Y así, de esas guisas y con tales compañeros de reparto, empezó la función. Al principio, como es normal, sensación de nerviosismo e inseguridad pero, conforme iban pasando los minutos y las preguntas me fui sintiendo cada vez más a gusto. Incluso disfrutando con ello. Bueno, salvo cuando dos de los supervisores de ese aula decidieron ponerse a comentar (como si de un bar se tratase) las últimas buenas nuevas casi al lado mía. Sin pensármelo dos preguntas, me volví hacia ellos y con gesto amable y cara de diablo les pedí que se callasen.

Las 4 horas de función se pasaron y como todo buen actor, tienes una levísima y sesgada visión de cómo ha podido ser la actuación. Eso siempre te lo terminan mostrando los aplausos o abucheos de tu nota. Yo cuando salí de aquel escenario, sólo quería abrazarla y que me susurrara un cariñoso "ya está". Qué sensación de fragilidad, como cuando un niño debuta por primera vez en el cole y ve a su mamá tras ello...


¿Mis vanas sensaciones y estimaciones? Buenas. Y hasta aquí voy a comentar sobre ello, pues en mi historial cínico consta que en 2014 también todo parecía de color de rosa y al final...


Hace justo 2 semanas que fue la función y en aproximadamente 2 semanas, sabré si recibo aplausos o abucheos.

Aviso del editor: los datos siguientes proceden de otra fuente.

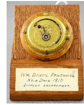
Lot # 426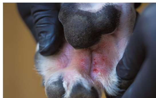
photo. 2. Paw of a dog with atopic dermatitis and food allergy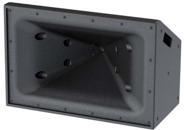
SM96 3/16/2011 4:09:41 PM Danley shop

Synergy Horn Performance in an Ultra-Compact Box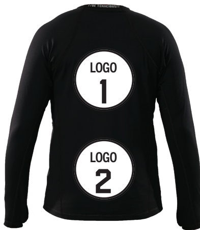
BACK - 6435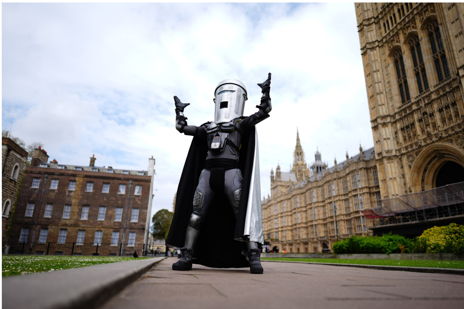
Count Binface, a satirical political candidate in the London mayoral election on May 2, makes a stand on College Green, outside parliament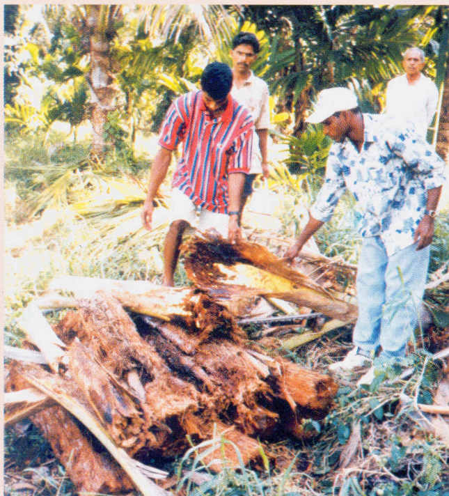
RPW infested coconut palm being eradicated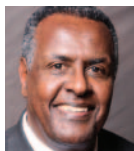
Dr. Gebisa Ejeta Purdue University, USA/Ethiopia Food Security Around the World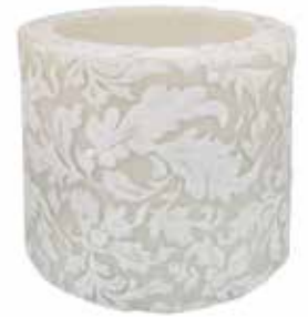
NL024 10cm recessed

colours: white + tatoon blue scent: rosehip & patchouli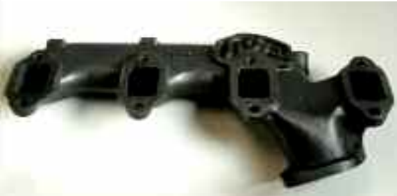
New 430/462/383" Exhaust Manifolds XXEX01466L/R-RP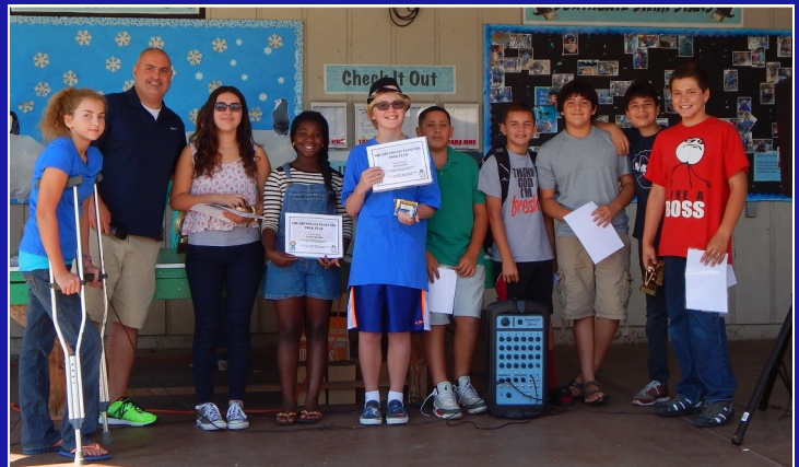
11-12 Girls and Boys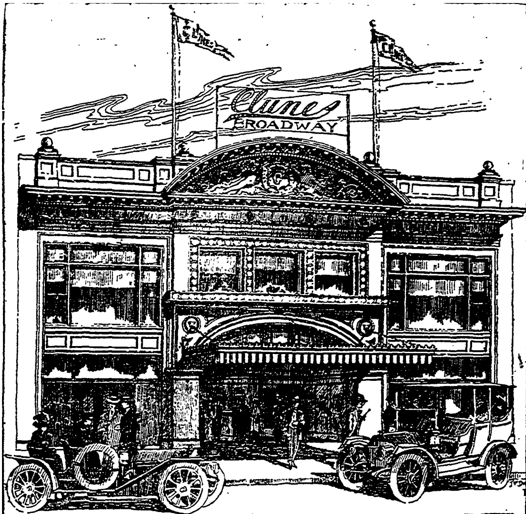
CLUNES · BROADWAY · THEATRE

The auditorium will be 57x100 feet in size and thirty feet high, with beams and paneled ceilings and a large skylight over the center. The seating capacity will be 900. The ventilation and heating facilities will be perfect. The proscenium opening, which will be 21x28 feet in dimensions, will permit the exhibition of pictures much larger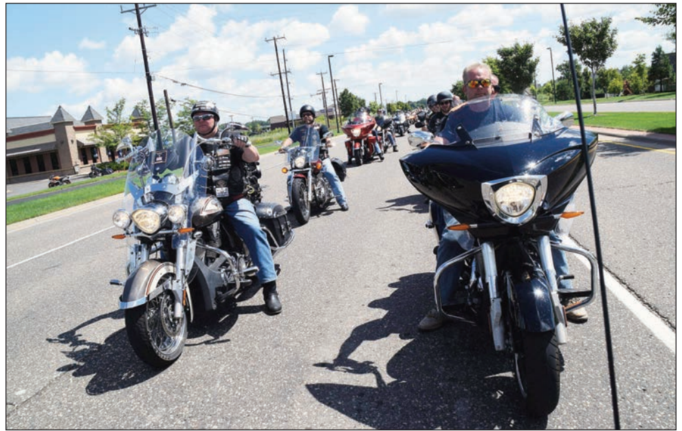
LEGACY RUN 2016 -- American Legion Riders stretch out into the distance near Forest Lake on this year's Legacy Run. The North and Not So North runs raised money for the Scholarship Fund that will be presented at national convention.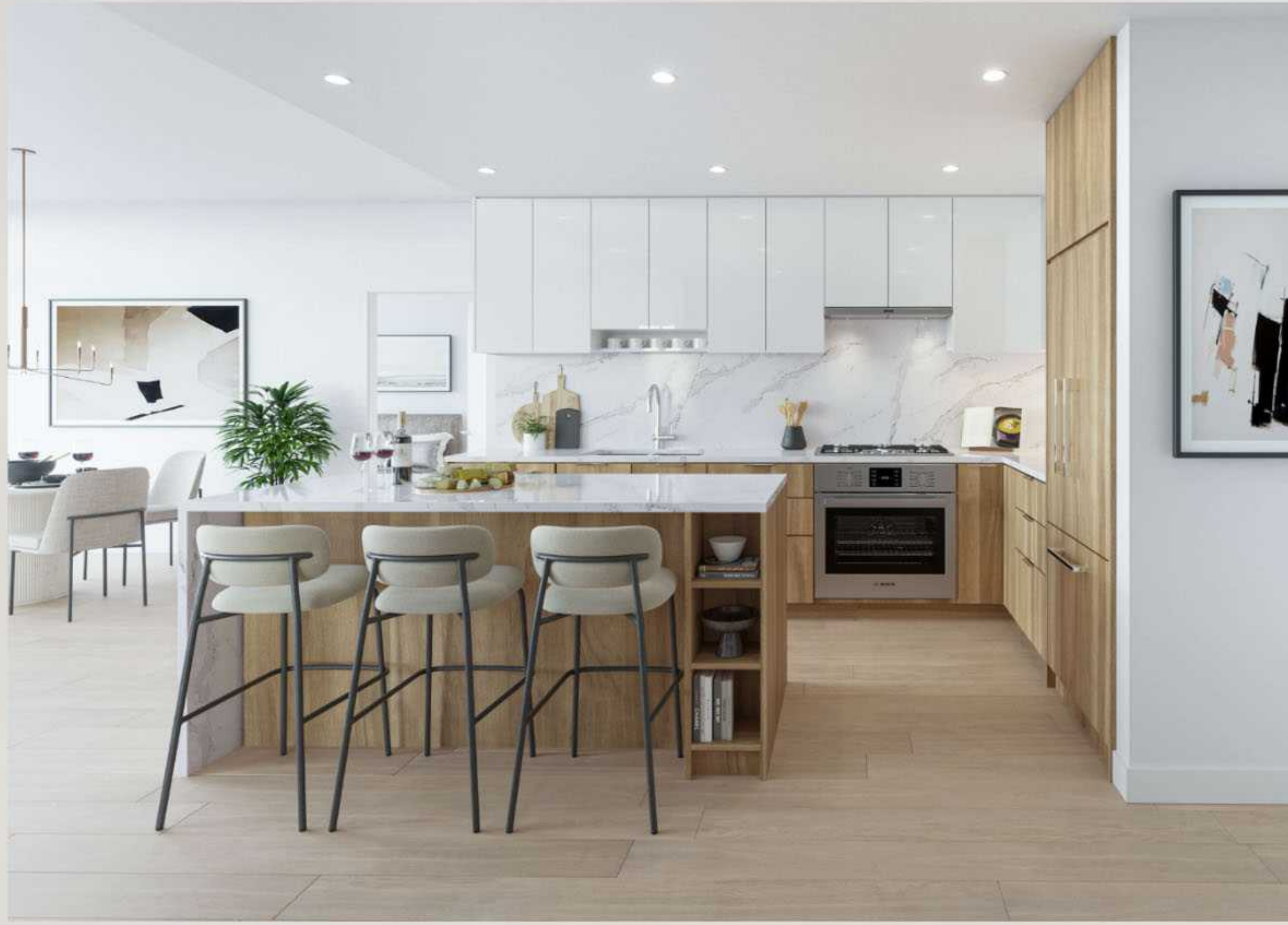
Kitchen | Oasis Scheme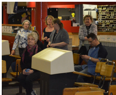
Some of the competition.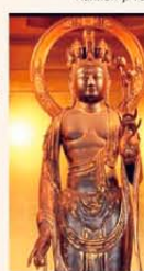
Kannon-ji Temple Standing Statue map17H

Me hallo, como todos mis compañeros, en ese punto de pivote sobre el que se balancea la ilusión e impaciencia.


Lo que sí me voy a decir desde ya (a pesar de la inquietud de la desinformación o pecar de precoz) es que, ¡Felicidades!, felicidades por haber vuelto a luchar por lo que quieres otro año más, sin perderle nunca la cara a tu ilusión, felicidades por no faltar a tus principios, a los de siempre, a los únicos que te enseñaron, felicidades por no dejarte llevar por la derrota, por el fracaso, por aquella amarga sensación de inutilidad que te acompañó varios meses, felicidades por secarte las lágrimas de auto decepción apretando fuerte los dientes cuando se volvían a derramar gotas de esfuerzo, felicidades por estos últimos meses que fuiste a más a pesar del cansancio, por seguir aprendiendo hasta del último punto y coma de cada concepto que fallabas y volvías a fallar, felicidades por tener el entorno que has tenido, porque te han dedicado tanto cariño, que tardarías varias vidas en devolverlo...


En resumen, felicidades por volver a ser tú, Jesús.